Cuando el debate político se centra en relacionar de manera maliciosa la inmigración y la criminalidad -una idea tan falaz como falsa, puesto que los índices de inseguridad han bajado en los últimos años, mientras que los trabajadores migrantes han aumentado- la ultraderecha siempre sale ganando en las estimaciones de voto.
Pero ¿qué pasaría si -de manera perseverante, machacona y didáctica- la atención mediática pusiera el foco en exponer y desgranar el programa económico y social de Vox?
¿Qué pasaría por ejemplo si los nueve millones de pensionistas de este país -algunos de ellos, por pura estadística, votantes del partido de Abascal- supieran lo que quiere hacer la ultraderecha con las pensiones públicas?

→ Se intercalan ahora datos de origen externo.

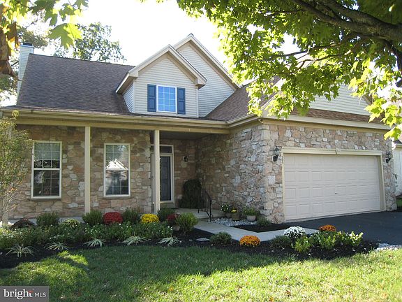 Absolutely wonderful showstopper home! Every once in a while, that very special home comes along... One look is all it takes! The owners have lovingly and meticulously upgraded/renovated this amazing home in detail. Beautiful and move-in ready! This is your chance to live in Legacy Oaks Active 55+ Community on a premium lot in a cul-de-sac with a full basement.  Enjoy the front entryway with a lovely covered porch to the front door.  This great 1,866 sf Traditional style home is always a favorite, offering 2 bedrooms, 2  baths, center hall entry home boasts gleaming hardwood floors, 9’ ceilings and recessed lighting throughout. As you enter you will delight in the front to back view all the way through to the Breakfast room. To the left is the Elegant living room and dining room.  There are gorgeous newly installed hardwood floors (on the entire first floor). Following down the center hall to the Kitchen shows 42” upper cabinets, new tile backsplash, under counter lights, granite countertops and stainless appliances (less than a year old) and large pantry. Adjoining the kitchen is a bright breakfast room, offering a Pella sliding door with blinds, overlooking a secluded treed view, and expanded paver patio, with expandable awning; a perfect spot for summer outdoor relaxation. Off the Breakfast room is bright and cheery sun room to take in more of the gorgeous back secluded property. To the left of the Kitchen is the large Family Room with tall windows that flank a floor to ceiling stone Fireplace.  Continue through the hallway to the lavish first floor bedroom suite with 2 walk-in closets, lovely bay window and hardwood floors. The adjoining en-suite full bath will delight you with upgraded/ renovated luxury vinyl floor tile, double granite vanity, and 4’ built-in attractive shower.  To the right is the second bedroom featuring a large closet. Also, there is a full bath with granite vanity, ceramic tile floor and tub shower off the hallway to service the 2nd bedroom and guests. The utility room features the washer and dryer, storage closet and entry to the full basement and garage.  The basement houses the HVAC system, sump pump, 2 small windows and is a full basement under the whole house area, good for storage boxes and holiday decorating items The basement surprise is a newly constructed room with carpet and window, for an office area.  There is a built-in cedar closet for winter clothes and several other built-in closets for extra storage.  This home features a 20KW whole house Generator, newer HVAC and Water Heater, roof, garage door and opener.  Other upgrades include  leaf-filter on gutters and surround sound speakers.  Community amenities include a club house, outdoor swimming pool, bocce court, tennis court, pickleball court, fitness room, social room, billiards, library, shuffleboard and more.  Trash pickup, lawn care and snow removal are all included in the HOA. Also there are wonderful meandering walking paths.  Extra 4 car parking area is adjacent to the home.  Restaurants, Grocery stores, and Valley Square Shops are just around the corner! Warrington township Parks and Recreation areas with walking trails, and activities is within minutes of this home. Most of all, be first to see and treasure this handsome home for your very own.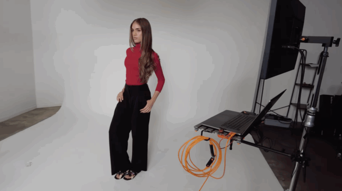 This synchronization matters — not just for Mark’s shooting rhythm, but for how he collaborates. Mark uses the rotating monitor to share images with clients without crowding the capture station, keeping movement on set smooth and uninterrupted.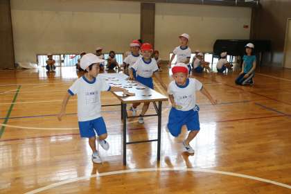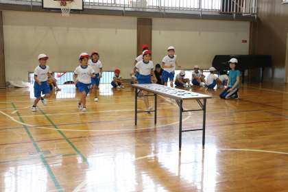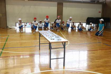 明日の合同体育祭の種目「ドラえもん、どらやきどうぞ」の練習の様子です。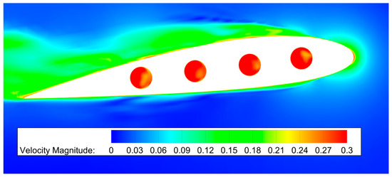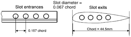 The distribution of the velocity magnitude near the slot exits is given in Figure 17, and the corresponding comparison of dimensionless mass flow rate is provided in Table 3, in which the slots are numbered from 1 to 4 from the leading edge to the trailing edge. The results indicates that the mass flow rate through slots decreases gradually from the second slot to the fourth one, which is partly consistent with the result of Ref. [13]. However, the result also manifests that the deficit of the velocity magnitude is obvious for the slots far away from the leading edge, which indicates the possibility of optimizing the layout and number of slots.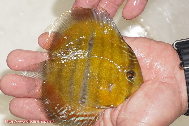 【ウィンターセール対象個体】【ワイルドディスカス】【通販】ウラリアソリッドイエローセンターバー ヤングスター(オレンジ目ー金目)【個体販売】9-11cm(生体)ウラリア産 [ab99-51226260]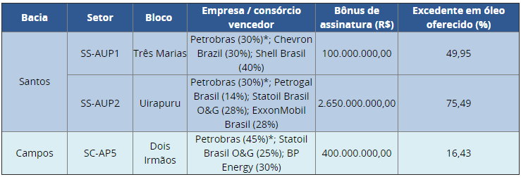 De acordo com a legislação atual, a Petrobras tem o direito de preferência para atuar como operadora nos blocos do pré-sal. A empresa optou por ser operadora nos três blocos arrematados.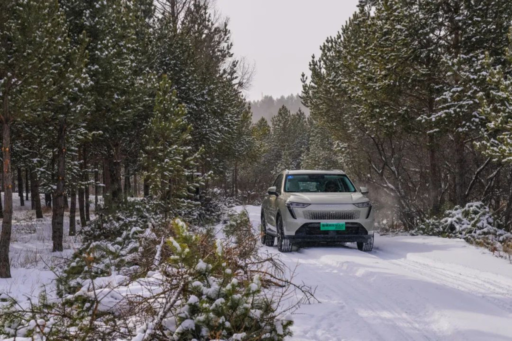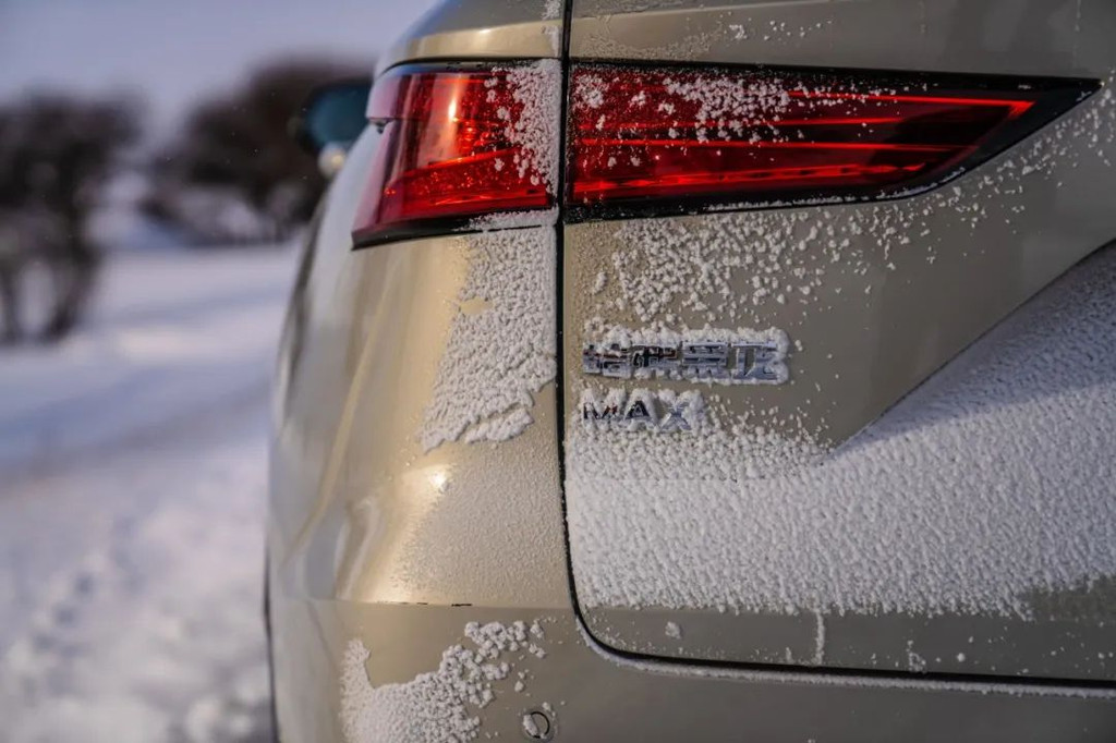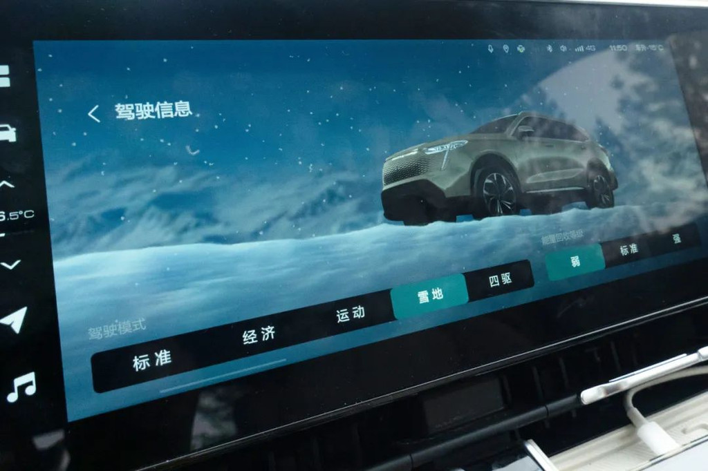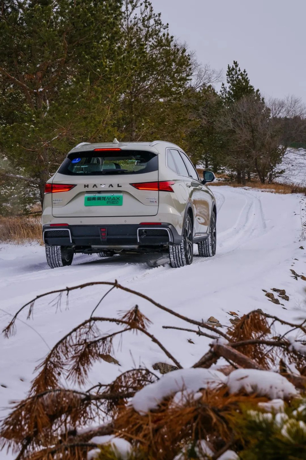 景色美,但危机四伏。幸好哈弗枭龙MAX的Hi4电四驱,它的雪地驾驶模式帮了我们的大忙。在这种模式下,动力输出柔缓,收起加速踏板,能量回收的减速度也很柔和,确保车辆在雪地上的行驶安全。虽然没有雪地胎,但是iTVC智能扭矩矢量控制系统会根据车轮打滑情况智能地分配动力,让车轮的抓地极限增高不少。有几次在路面上一侧是雪,另一侧已经露出路面,这种情况下,踏下加速踏板,车身保持平稳,系统智慧地调整两侧车轮的驱动力,保证我们的安稳出行。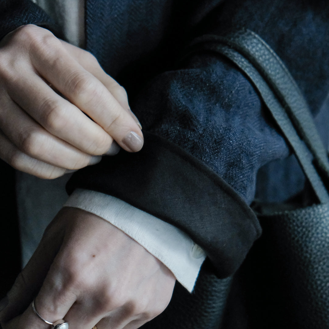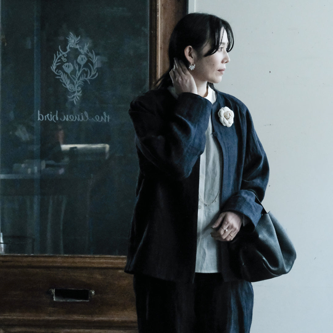 リトアニア産のしっかりとしたヘリンボーンリネン生地は、どんなシーンにも品よく馴染みます。

Al contrario que el Partido Popular, Vox es el único partido que admite abiertamente que -de llegar al poder- rebajarán unas pensiones públicas cuyo gasto considera «insostenible». Así lo dijeron en la última campaña electoral para las generales del 23 de julio de 2023, en las que defendieron la necesidad de reducir el gasto estructural (en pensiones) porque no podemos permitirnos seguir en un estado continuo de déficit”.
Pero los de Abascal no sólo proponen recortar la cuantía de las pensiones, atacando las rentas de uno de los sectores más vulnerables de la población, que además sostienen a familias enteras con todos sus miembros en el paro (unos 764.200 hogares). Vox pretende, lisa y llanamente, desmantelar el actual sistema público de pensiones.
Como alternativa, los ultras proponen sustituirlo por un «nuevo modelo mixto» en el que la mitad de las actuales cotizaciones irían a engrosar fondos de gestión privada -generando una enorme inyección de capital para bancos, aseguradoras y fondos de inversión-, con la «posibilidad de incrementar la contribución para recibir pensiones más altas».
Es decir: pensiones de carácter paupérrimo, asistencial, como base. Y si no quieres sufrir de miseria en la vejez, pues ya sabes: destina una mayor parte de tu decreciente salario a incrementar la cuota de tu fondo privado de pensiones.
Quieren aplicar la motosierra de Milei en España, arremetiendo contra las pensiones públicas, contra la sanidad y la educación públicas, contra cualquier cosa que huela a políticas de igualdad o de atención a los sectores vulnerables.
Así lo defiende sin paliativos Rubén Manso, uno de los «gurús económicos» de Vox:. «No es función del Estado proveer de ningún bien ni de ningún servicio. Salvo tres o cuatro, como justicia criminal, policía y Ejército. Todo lo demás (…) -asegurar la vejez, dar educación a los hijos, gozar de ahorros suficientes o de un sistema de protección que nos asegure la sanidad- deben ser decisiones de consumo». Es decir, debe privatizarse y ponerse en manos de grandes capitales, que traten las pensiones, la sanidad o la educación como un «negocio rentable», y por tanto sometido a la ley suprema de minimizar costes para maximizar beneficios para los inversores,
Este es el ultra agresivo proyecto -al servicio de bancos y capitales extranjeros, especialmente norteamericanos- del que Vox es el ariete. ¿No debería difundirse más?